The CCPA also permits Thai Courts to issue orders requiring business operators to make announcements about and recall unsafe products. These are essentially mandatory injunctions, and because it is generally difficult to procure injunctions of any kind in Thailand (including prohibitory ones enforcing intellectual property rights), it is unclear how the courts will exercise this specific grant of power in practice.

These problems have not gone unnoticed. A proposal to exempt drugs, medical devices and medical professionals from these laws has been put forward. You may be wondering why it includes the medical profession. While the Product Liability Act only applies to products (drugs and devices), the CCPA extends to “services”, including the services rendered by physicians, and it contains many provisions very similar to the Product Liability Act.

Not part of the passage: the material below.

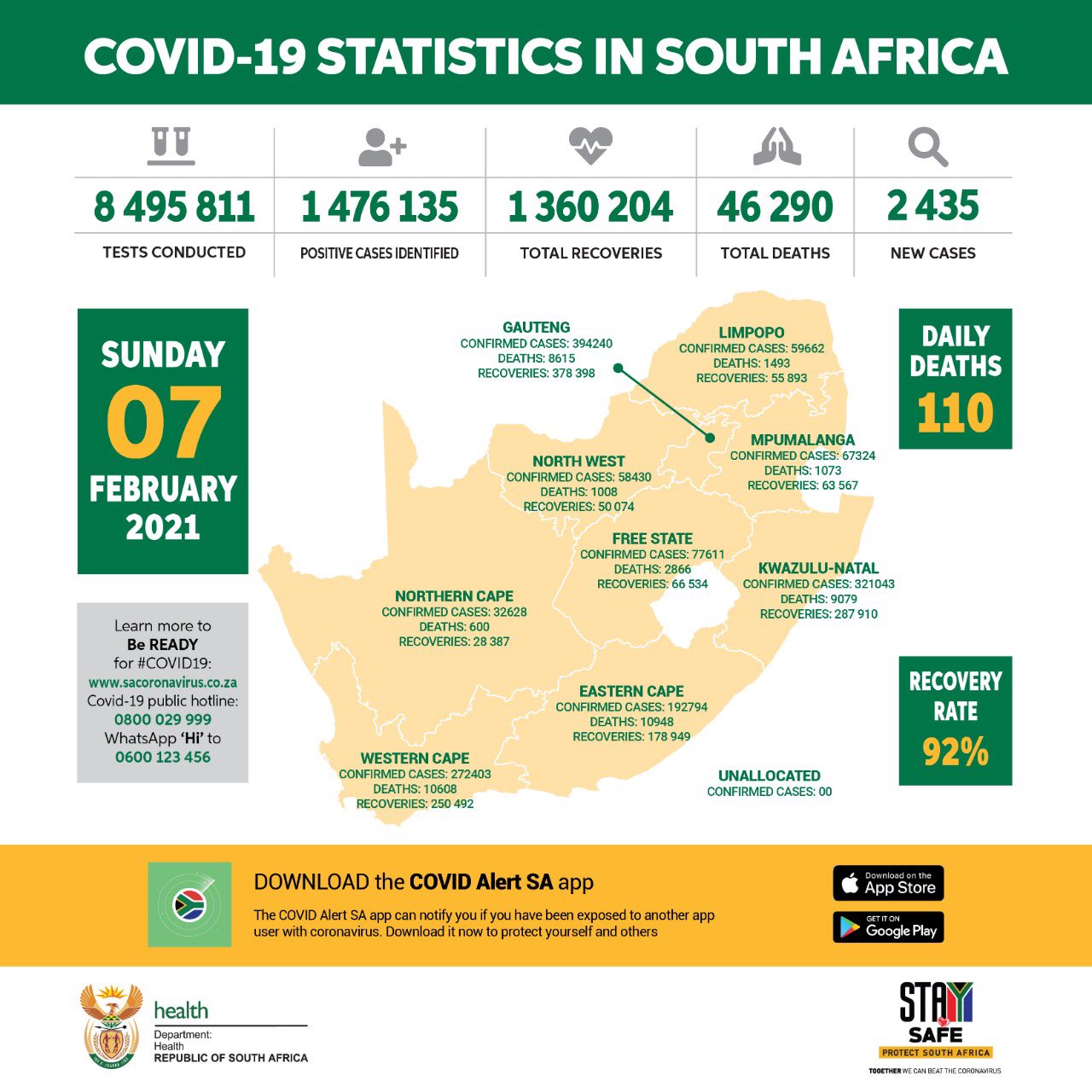 Coronavirus - South Africa: COVID-19 update (7 February 2021)

Moreover, although the CCPA is not yet six months old, it has been employed very effectively in a number of cases and garnered popular support in a country not well known for US or EU safety standards. For example, an airline passenger used the CCPA to recover emotional distress damages when an airline failed to use a metal detector to screen airline passengers. The metal detector was apparently “on loan” to a local university. (Don’t ask – it doesn’t make sense to us either.) A lawyer plaintiff is now using the CCPA in a high profile case where a fire on New Year’s Eve at a popular Bangkok nightclub fire claimed 66 lives. The lawsuit essentially claims the pub was a fire trap and seeks recovery directly against 33 directors and owners of the pub. This latter aspect of this case is significant because of the alleged identity of some of those owners (say, a high official in an organization responsible for policing the pub) and because the CCPA contains a provision allowing claimants to pierce the corporate veil, something that is otherwise virtually impossible to do in Thailand. All of this, of course, has little to do with medical drugs or devices, but it does help explain the popularity of these new laws, and why proposals, at least at this time, to reduce their scope or exempt certain products might not receive a warm reception in the Land of Smiles.